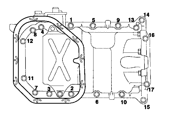 2) Install the lower oil pan 10 bolts.
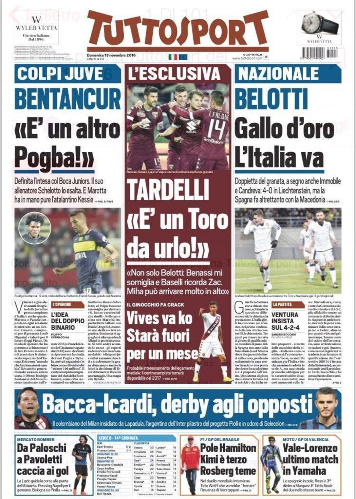 La prima pagina di Tuttosport infine si divide tra la Nazionale, “Belotti, gallo d’oro“, i colpi della Juve, “Bentancur: è un altro Pogba!“, e le parole di Tardelli rilasciate proprio al quotidiano torinese. In taglio basso spazio al mercato con il Napoli in pressing su Pavoletti.
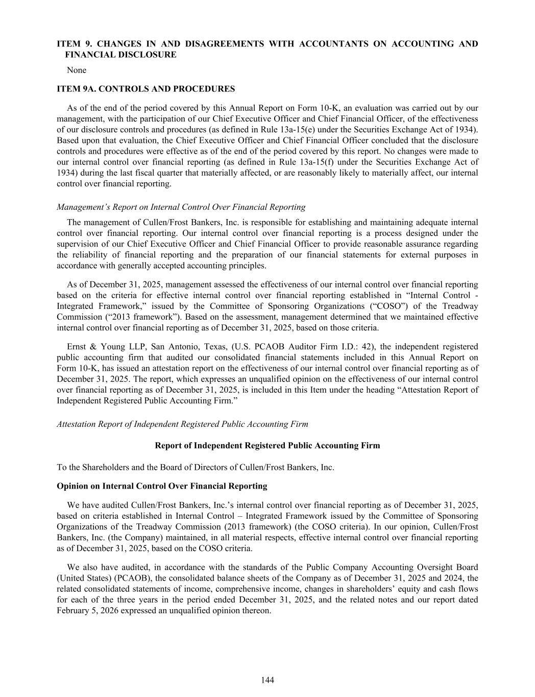 ITEM 9. CHANGES IN AND DISAGREEMENTS WITH ACCOUNTANTS ON ACCOUNTING AND FINANCIAL DISCLOSURE None ITEM 9A. CONTROLS AND PROCEDURES As of the end of the period covered by this Annual Report on Form 10-K, an evaluation was carried out by our management, with the participation of our Chief Executive Officer and Chief Financial Officer, of the effectiveness of our disclosure controls and procedures (as defined in Rule 13a-15(e) under the Securities Exchange Act of 1934). Based upon that evaluation, the Chief Executive Officer and Chief Financial Officer concluded that the disclosure controls and procedures were effective as of the end of the period covered by this report. No changes were made to our internal control over financial reporting (as defined in Rule 13a-15(f) under the Securities Exchange Act of 1934) during the last fiscal quarter that materially affected, or are reasonably likely to materially affect, our internal control over financial reporting. Management’s Report on Internal Control Over Financial Reporting The management of Cullen/Frost Bankers, Inc. is responsible for establishing and maintaining adequate internal control over financial reporting. Our internal control over financial reporting is a process designed under the supervision of our Chief Executive Officer and Chief Financial Officer to provide reasonable assurance regarding the reliability of financial reporting and the preparation of our financial statements for external purposes in accordance with generally accepted accounting principles. As of December 31, 2025, management assessed the effectiveness of our internal control over financial reporting based on the criteria for effective internal control over financial reporting established in “Internal Control - Integrated Framework,” issued by the Committee of Sponsoring Organizations (“COSO”) of the Treadway Commission (“2013 framework”). Based on the assessment, management determined that we maintained effective internal control over financial reporting as of December 31, 2025, based on those criteria. Ernst & Young LLP, San Antonio, Texas, (U.S. PCAOB Auditor Firm I.D.: 42), the independent registered public accounting firm that audited our consolidated financial statements included in this Annual Report on Form 10-K, has issued an attestation report on the effectiveness of our internal control over financial reporting as of December 31, 2025. The report, which expresses an unqualified opinion on the effectiveness of our internal control over financial reporting as of December 31, 2025, is included in this Item under the heading “Attestation Report of Independent Registered Public Accounting Firm.” Attestation Report of Independent Registered Public Accounting Firm Report of Independent Registered Public Accounting Firm To the Shareholders and the Board of Directors of Cullen/Frost Bankers, Inc. Opinion on Internal Control Over Financial Reporting We have audited Cullen/Frost Bankers, Inc.’s internal control over financial reporting as of December 31, 2025, based on criteria established in Internal Control – Integrated Framework issued by the Committee of Sponsoring Organizations of the Treadway Commission (2013 framework) (the COSO criteria). In our opinion, Cullen/Frost Bankers, Inc. (the Company) maintained, in all material respects, effective internal control over financial reporting as of December 31, 2025, based on the COSO criteria. We also have audited, in accordance with the standards of the Public Company Accounting Oversight Board (United States) (PCAOB), the consolidated balance sheets of the Company as of December 31, 2025 and 2024, the related consolidated statements of income, comprehensive income, changes in shareholders’ equity and cash flows for each of the three years in the period ended December 31, 2025, and the related notes and our report dated February 5, 2026 expressed an unqualified opinion thereon. 144
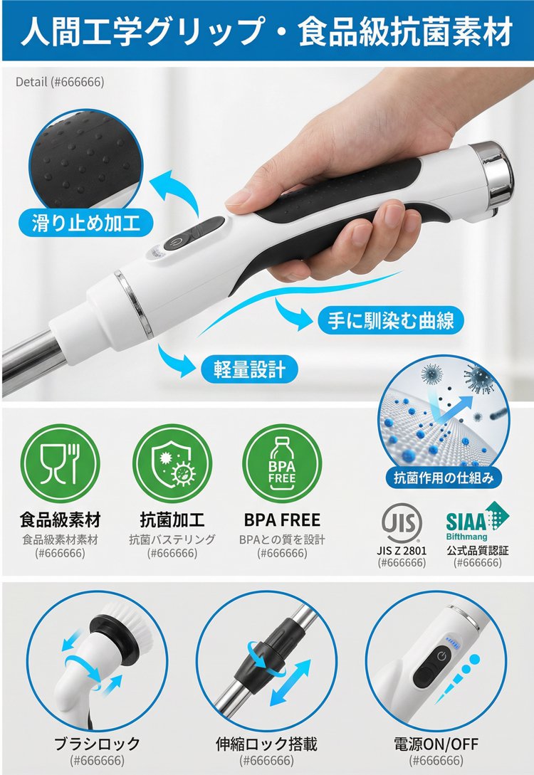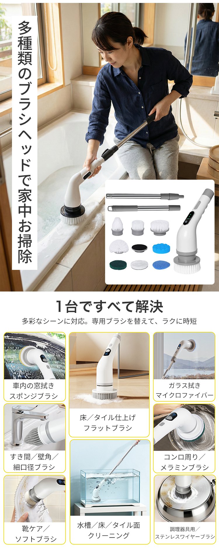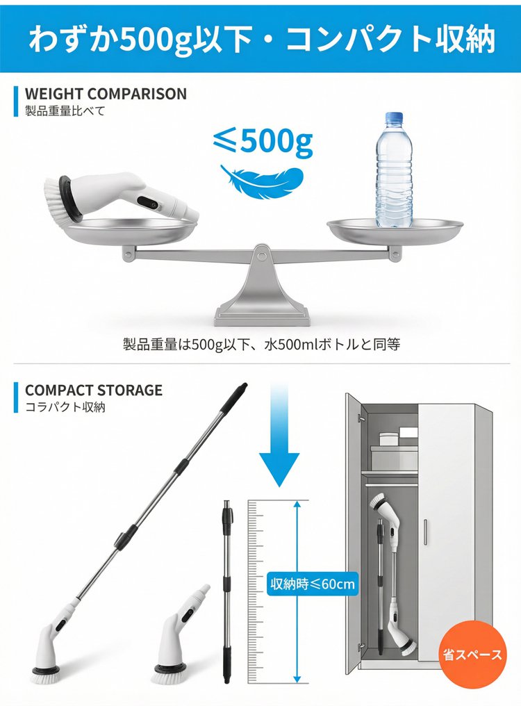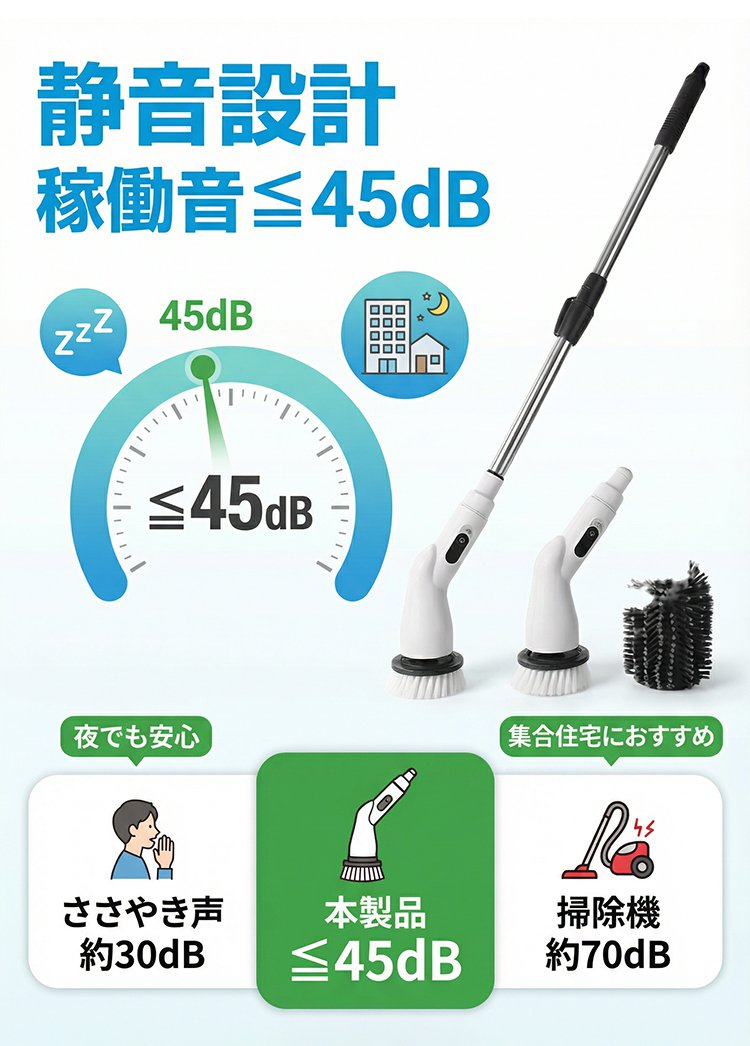 伸縮式ハンドルコードレス電動クリーニングブラシ

Work order: In the answer, set down only the lines from the opening line of the listing through the line that holds "La prima pagina", exactly as they appear, minus the pictures.

Solution for this problem:
 2) Install the lower oil pan 10 bolts.
 La prima pagina di Tuttosport infine si divide tra la Nazionale, “Belotti, gallo d’oro“, i colpi della Juve, “Bentancur: è un altro Pogba!“, e le parole di Tardelli rilasciate proprio al quotidiano torinese. In taglio basso spazio al mercato con il Napoli in pressing su Pavoletti.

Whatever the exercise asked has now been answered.